I can't really understand the reasoning behind that. What are you trying to achieve, why do you want to restrict handing out ULA-C to only a specific (small) subset of folks out there?
I don't want to give ULA-C to people who have an incentive to abuse it as PI.
Don't forget that address space is only useful if it's (almost) universally accepted. This is almost certainly not going to be the case for any type of ULA. Apart from that, I would argue that if you want to make sure that ULAs can't be used as PI, it's beneficial to make sure that there are as many of those block out there as possible, so that the prospect of carrying even a subset of those becomes inpractical. And in my opinion, there is no reason to involve the RIRs in giving out ULA-c space, as there are no requirements that must be checked. Just make sure the price is high enough that people aren't going to use up excessively large amounts and any domain registry/registrar should be able to give those out. Something like 5 euros per year should make sure people won't register millions of them without creating a barrier for those who need ULA space and prefer the centrally assigned kind.
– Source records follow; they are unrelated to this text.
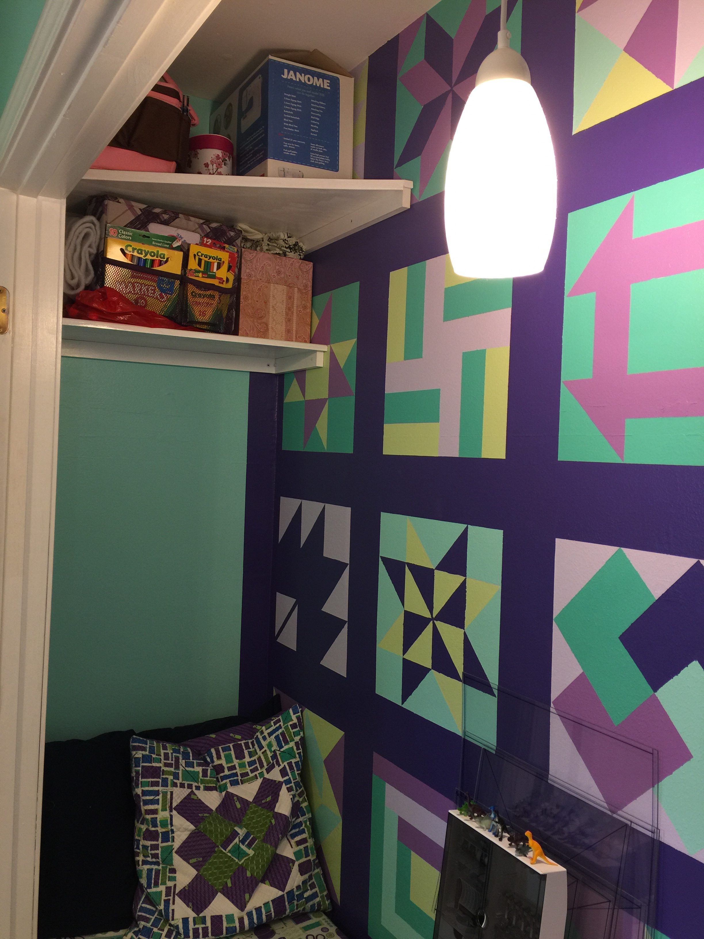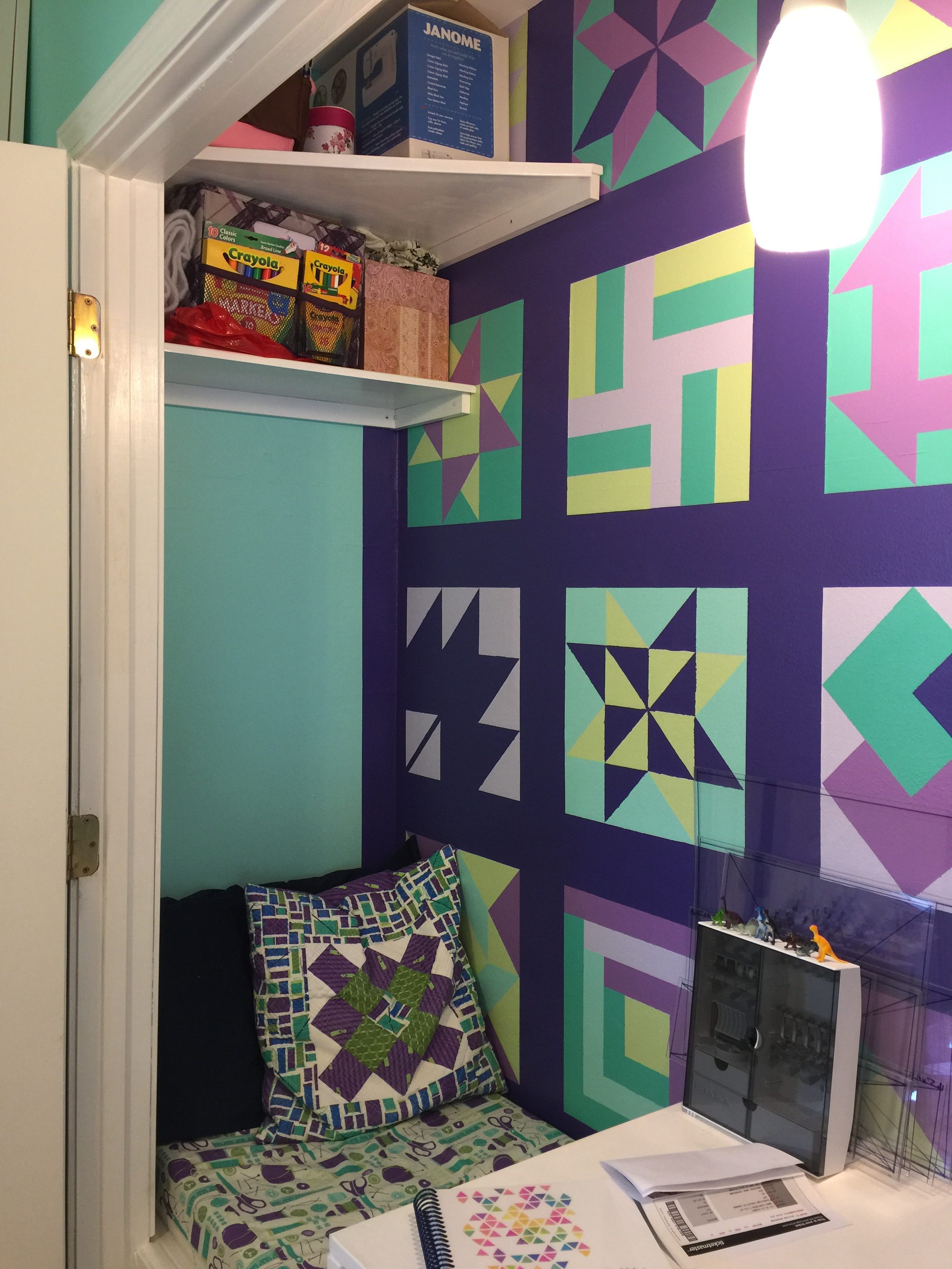 My Quilting Closet is my very special sewing place. The moment we bought the house and I saw the three-foot wide double doors, I knew I wanted to make this space my Narnia. We gutted the closet, I picked my color scheme from a line of fabric, and I went to work painting the quilt squares on the back wall. My husband built me the desk and “reading nook”. He added the shelves, the storage under the seat, and the peg board to make the most of the tiny space. I spend hours at a time either sewing at the desk, or planning my next quilt from the reading nook. It’s not normally this neat, because it’s usually covered in quilt tops or fabric. I still have plans to add more accessories and pillows for reading nook, but when my husband bought me my Bernina this past Christmas, it made my sewing room complete! I’m in LOVE with my Quilting Closet!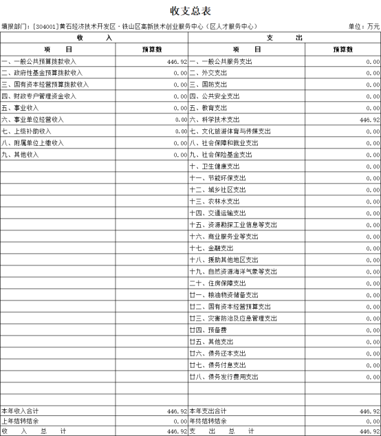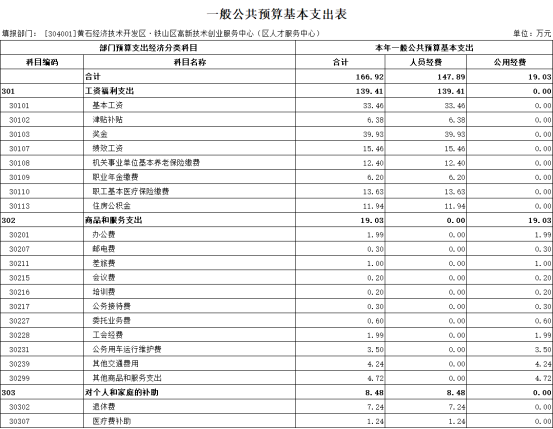 黄石经济技术开发区·铁山区高新技术创业服务中心单位2026年部门预算
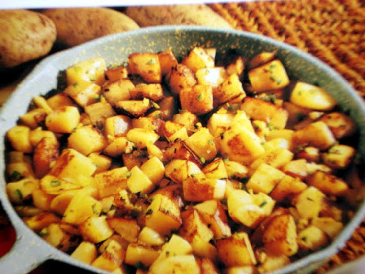 Peel potatoes and cut into 1/2-inch cubes. Finely chop onion and green pepper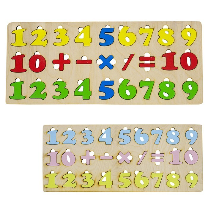 Деревянные цифры - отличное учебное пособие для ребят, которые осваивают навыки счета. В комплект входит основа с углублениями, в каждое из которых вкладывается соответствующая цифра или арифметический знак, а чтобы символы было удобно доставать, предусмотрены выемки для пальчиков. Малыши будут учить числа, вкладывая их в основу, знакомиться с арифметическими знаками и составлять целые примеры на сложение, вычитание, деление или умножение. Основа и все вкладные элементы набора выполнены из хорошо отшлифованной древесины, покрыты безопасными, нетоксичными красителями.

ULA-C becomes PI the moment folks will accept it in their routing table (and if that is a serious risk, ULA-L could as easily become PI the same way). But why should routing folks do that?
Hopefully routing folks won't, but, in my experience, $$$ can lead routing folks to ignore what should or shouldn't be done from an internet context and, instead, focus on what makes money.
If you can get 5% of the internet population to boycott routable ULAs that makes them unusable as such so this won't be a problem.